Fitch: Positive Equity Doesn't Prevent All U.S. Foreclosures

Reuters

Jan 28 (Reuters) - (The following statement was released by the rating agency)

Recent U.S. home price growth has been insufficient to help borrowers still struggling to pay their mortgages, according to Fitch Ratings. Evidence of this is in the growing percentage of borrowers entering foreclosure with positive equity in their homes.

Fitch estimates that the percentage of borrowers entering foreclosure with positive equity has roughly doubled in the last two years. While equity continues to be an important factor for borrower payment behavior, income and ability to pay are key drivers as well.

It is clear that rising home prices have had a positive influence on borrower behavior. However, some portion of borrowers still exhibit an inability to recover as the economy has moderately improved. This seems particularly evident in many of the RMBS loans that have been entering into the foreclosure process over the past few years. In many cases, troubled borrowers with equity are unable to sell their properties because the proceeds of the sale would not be enough to cover the mortgage amount, the closing costs, and the backlog of missed payments. Loans entering foreclosure today have missed roughly two years of payments on average, more than double the pre-crisis, long term average.

The changing composition of borrowers entering foreclosure may also help explain why those with positive equity continue to struggle. The percentage of loans entering foreclosure which had been cash-out refinances at origination increased steadily since 2008, and now accounts for 50% of the total. Todayas tighter loan underwriting and origination guidelines may prevent many of these borrowers from tapping the equity in their homes to cover expenses. Although equity may exist, the current guidelines are in most cases restrictive for borrowers with poor credit history. Also, the loan-to-value and cash-out dollar limits are significantly lower than what was available during peak-vintage years and, despite the improved equity situation, few of these delinquent borrowers could materially benefit from further cash-out refinancings.

Furthermore, approximately half of all loans that recently entered foreclosure had been unsuccessful in at least one prior loan modification. The percentage of loans entering foreclosure that had been underwritten to subprime guidelines has increased as well. Such attributes suggest that many of these borrowers were either overleveraged at origination or had payment challenges in prior years and have few alternatives now and may be able to remain in the home until the foreclosure process is complete.

The age of loans entering foreclosure also continues to climb steadily.

Borrowers recently entering foreclosure have loans that are roughly eight years seasoned on average, compared to the pre-crisis average of two-to-three years. As such, loans with positive equity that are entering foreclosure today may be more adversely selected due to the length of time prior to entering foreclosure and the potential for disrepair.
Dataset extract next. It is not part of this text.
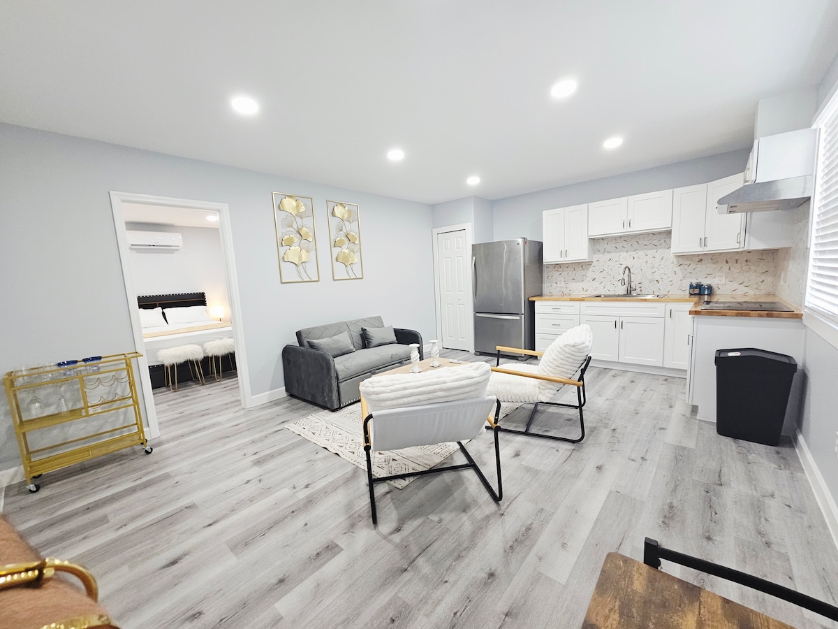 This cute space is attached to our home yet has complete privacy. there is one bedroom with one queen size bed The living area has a dual reclining sofa and chair so comfy to watch tv or sit by the fireplace on chilly nights. The main living space also has a table and chairs to enjoy meals or use as workspace. kitchenette with Keurig coffee maker , coffee , microwave, toaster oven, and mini-fridge. There is a cooktop in the apartment. Great location only 6 blocks from the beach.1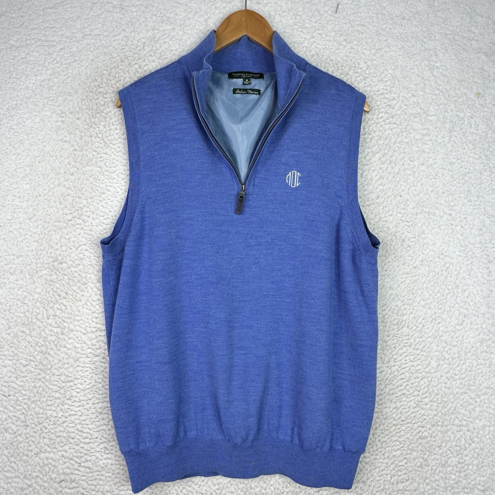 Fairway Greene Merino Wool Sweater Vest Mens M Blue Quarter Zip Golf Lined

It is possible that some portion of borrowers currently in the foreclosure process obtained additional and/or secondary financing subsequent to the origination of their first liens. The additional leverage could also be a factor in their ability/willingness to pay and whether the borrower is in a positive equity position. These factors are important considerations for the mortgage loan servicers, who must determine the best resolution for the borrower and property, while assessing the ultimate impact on investors.

Under the existing regulatory framework, residential mortgage servicers have many tools at their disposal to help struggling homeowners. However, servicers are often left with few options other than foreclosure for borrowers who are unable to make regularly scheduled mortgage payments, despite their interest in remaining in their homes. This is especially true in situations where borrowers have equity in the property and have payment problems even after loan modifications involving significant rate reductions.